Bright Stars MDMA Synthesis Crystallization Step

Hi everyone!

First time poster here!
I'm looking for someone who has done the last step of the synthesis before, and wondering what the proportions of MDMA oil/Xylene+IPA is. A friend of mine has gotten some MDMA oil and now wants me to crystallize it. I've got everything prepped for it, although I would love to know the proportions so that I dont use too little or too much of it.

Any more tip would be appreciated as this is the first time for me crystallizing MDMA oil!

 

The most important thing is to dry the IPA and Xylene with magnesium sulfate five or six times and use very concentrated hydrochloric acid, any excess water will trap the precipitant. Mix them at a ratio of 1:1.5 That's 1 part IPA to 1.5 parts of Xylene.

Without knowing how much MDP2P was reduced I can't give an exact volume for the proton transfer solution.

An approximation is for every 50g of MDP2P use 250ml of the IPA/Xylene.

The thing about this kind of titration is trying to hit the 5-6 pH with such conc. HCl is like a street sign on the freeway, by to time you see it you've gone past. So take it easy when dripping in the acid, keep checking the pH and soon as it hits the low 7's just let it sit for 5 minutes then test it again. If it hasn't dropped put another drop or two in and let it sit again. Just keep going like this until you see the 6 come up on the meter then stop.

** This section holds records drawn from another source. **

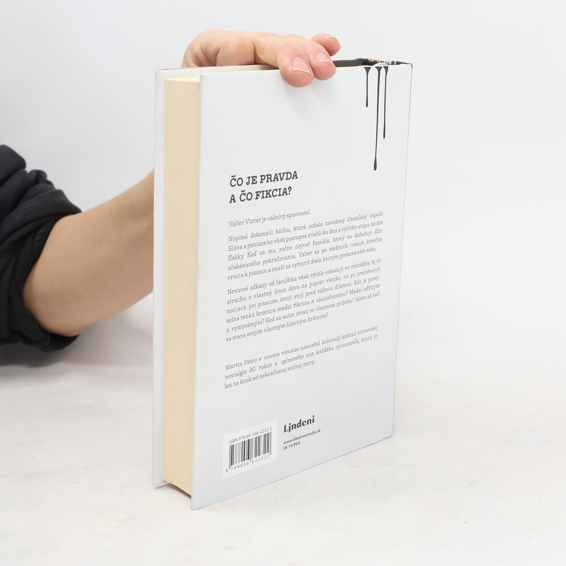 Čo je pravda a čo fikcia? Napínavý triler z pera slovenského autora. Čo je pravda a čo fikcia? Valter Vinter je vášnivý spisovateľ. Napísal dokonalú knihu, ktorá zožala nevídaný čitateľský úspech. Sláva a peniaze ho však postupne stiahli ku dnu. Výčitky utápa na dne fľašky, keď sa mu začne ozývať fanúšik, ktorý sa dožaduje dlho očakávaného pokračovania. Valter sa po siedmich rokoch konečne vracia k písaniu a snaží sa vytvoriť dielo, ktorým prekoná sám seba. Nevinné odkazy však rýchlo eskalujú vo vyhrážky. Aj zo strachu o vlastný život dáva na papier všetko, no po prebdetých nociach pri písacom stroji stojí pred vážnou dilemou: Kde je pomyselná tenká hranica medzi fikciou a skutočnosťou? Medzi odžitým a vymysleným? Keď sa autor stratí vo vlastnom príbehu? Alebo až keď sa stane svojím vlastným hlavným hrdinom? Martin Petro v novom románe namiešal dokonalý koktail slovenskej nostalgie 90. rokov a splneného sna každého spisovateľa, ktorý je len na krok od nekončiacej nočnej mory.
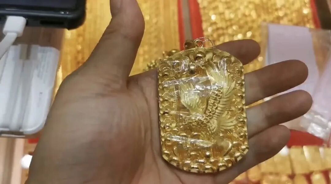 记者发现,张先生在社交平台的个人账号中,有许多他戴着金牌在外面游玩的视频。2024年4月30日,他还发视频记录了当时购买这块金牌的过程。视频显示,当时他在黄金柜台看中了一块图案是大鹏展翅的金牌,当即就付款买下。发票显示,他买的这块足金999金牌吊坠重80余克,花费5万多元,当时单价为578元/克。
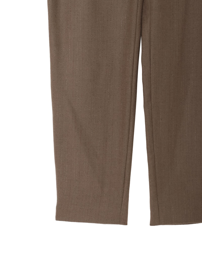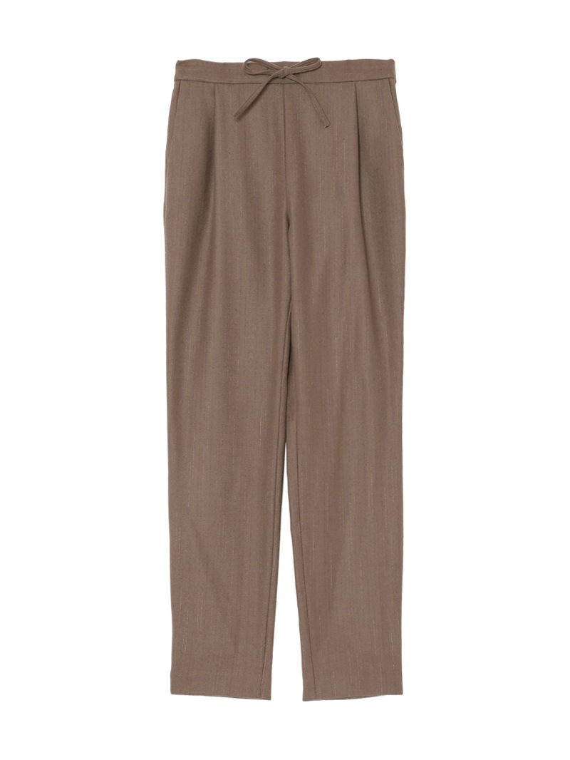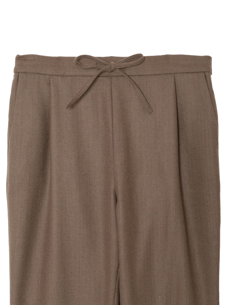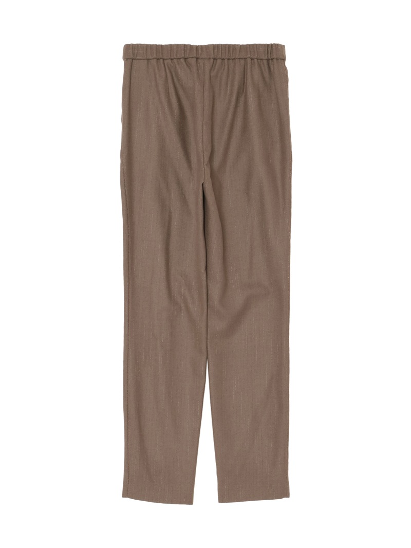 トラッドな印象のピンストライプに、スポーティなフォルムのジョギングパンツ。ツヤのあるストライプがフェミニンなエッセンスを追加しています。バックウエストは快適なゴム仕様で、デイリーにもリラックスシーンにもフィット。Tシャツからニットまで幅広いトップスと相性が良く、スタイリングにモードなエッセンスを添えてくれます。
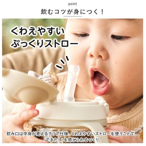中身が見えやすい飲み口とくわえやすいストローで飲む感覚を覚えられます。はじめてでも「できた! 」が感じられる設計です。
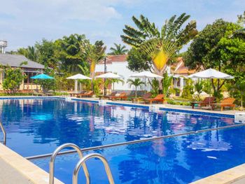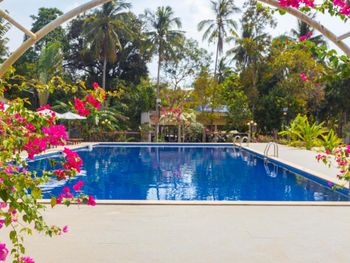 Красивая территория отеля, все в зелени, два хороших бассейна. Хороший завтрак, вкусные йогурты, всегда есть фрукты.Сотрудники отеля очень приветливые, стараются решить все вопросы и проблемы, угощали нас кокосами)
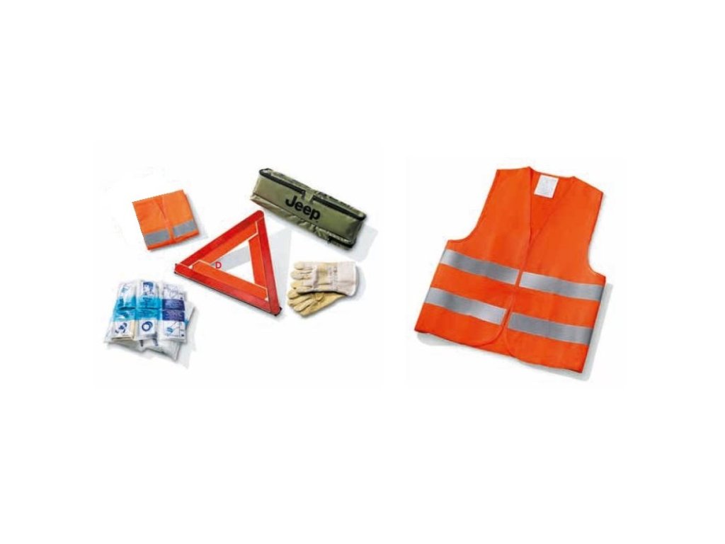 Lékárnička v brašně s logem Jeep. Včetně výstražného trojúhelníku. Balení obsahuje 2x vestu a rukavice.
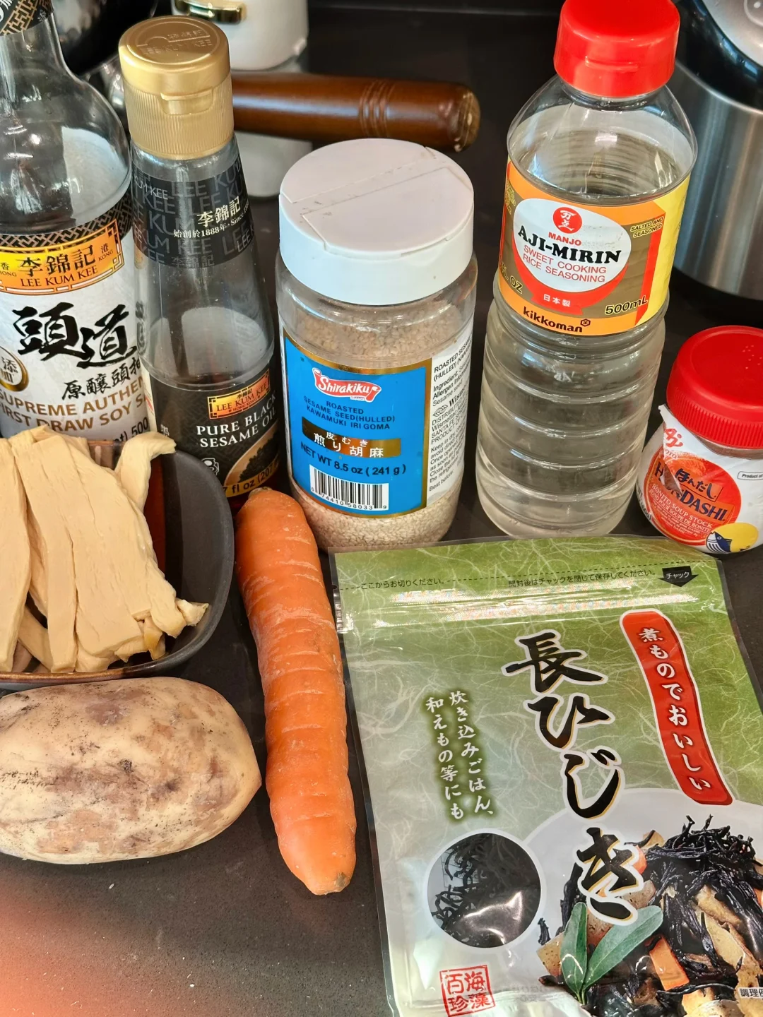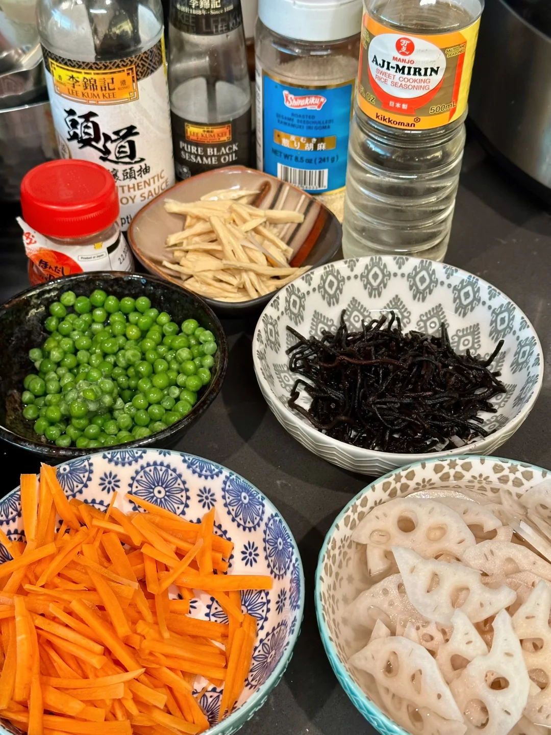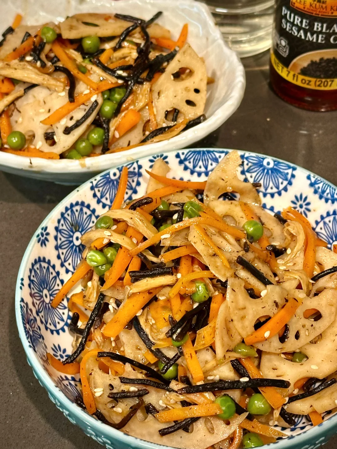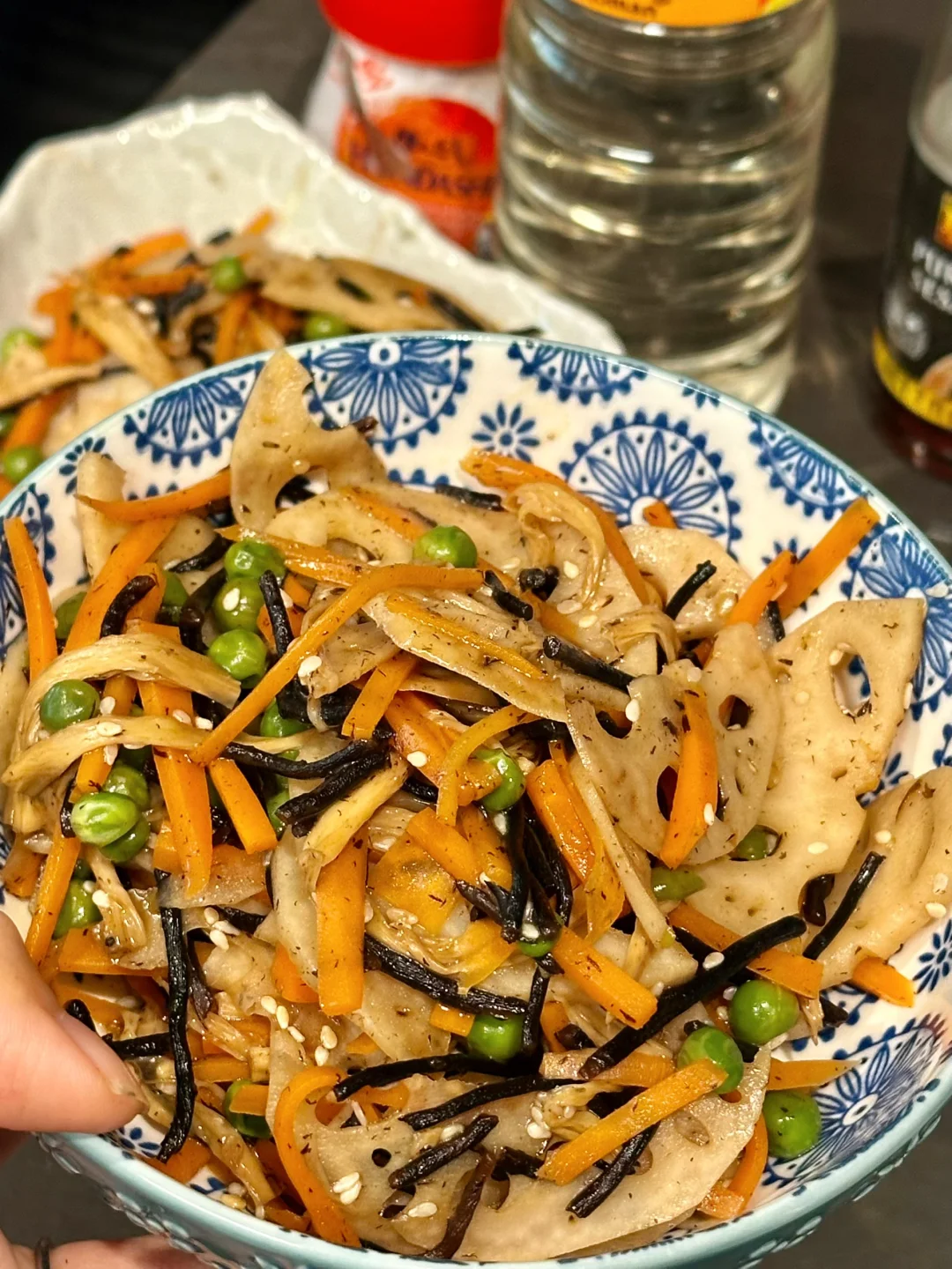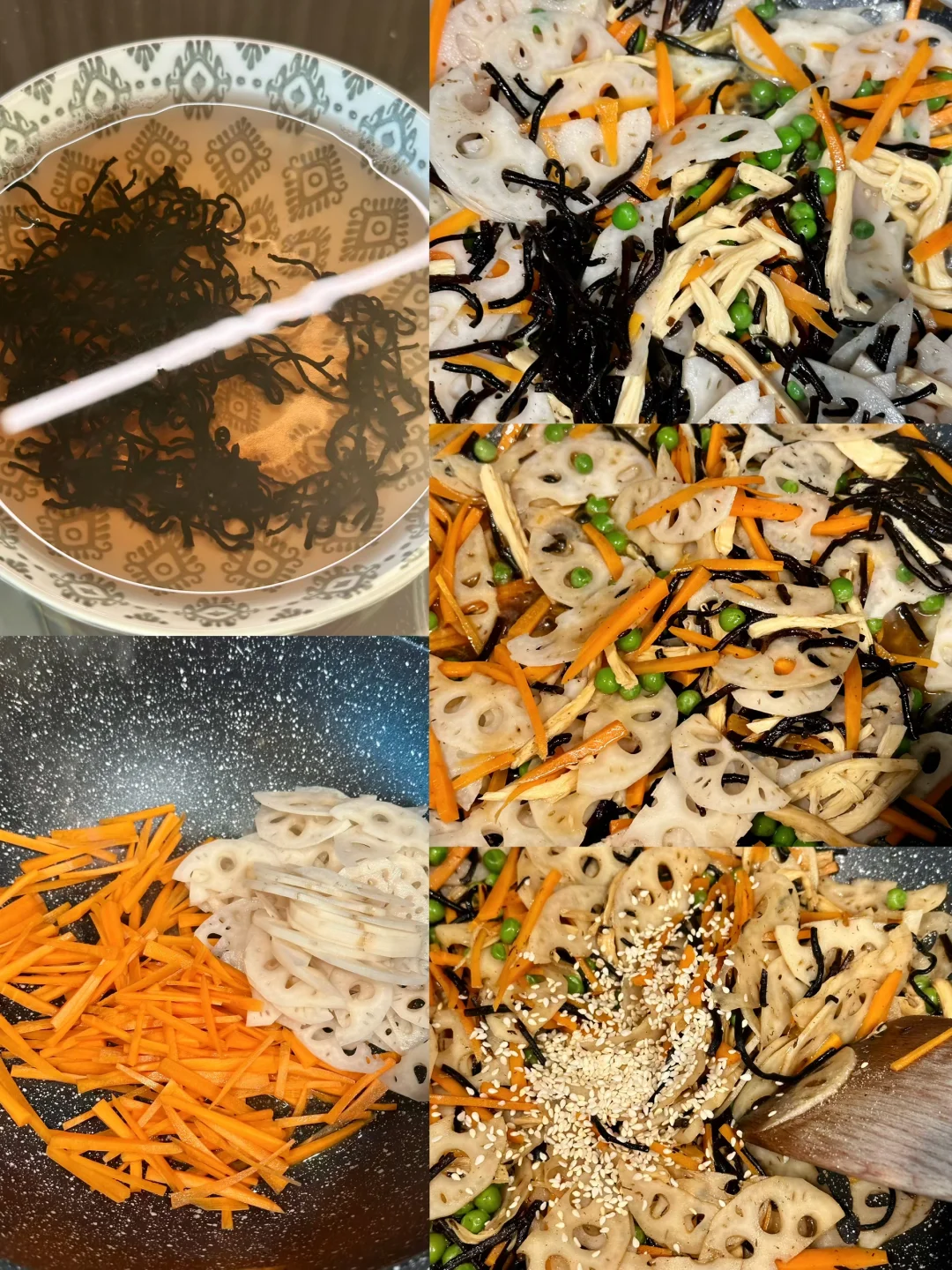 锅里少量油,放入莲藕和胡萝卜丝翻炒一会儿,加入羊栖菜和其他食材,放生抽,味淋,和dashi粉调味,可以加少量水略煮一会儿;

Set the temperature of the water bath between 60 and 70°C for the vacuum distillation then slowly increase the vacuum until condensate can be seen in the receiving flask. Using a water bath is a safety measure to stop any runaway overheating, if the water boils you know somethings up and 100°C is still within margins. 120°C is the upper limit.


You know it can be just gassed out of the Xylene?

 

so ammonium nitrate and sodium hydroxide in a flask with hose connector could be used as the gas bottle and hit the xylene and the MDMA HCl will precipiated out which could be collected on filter paper?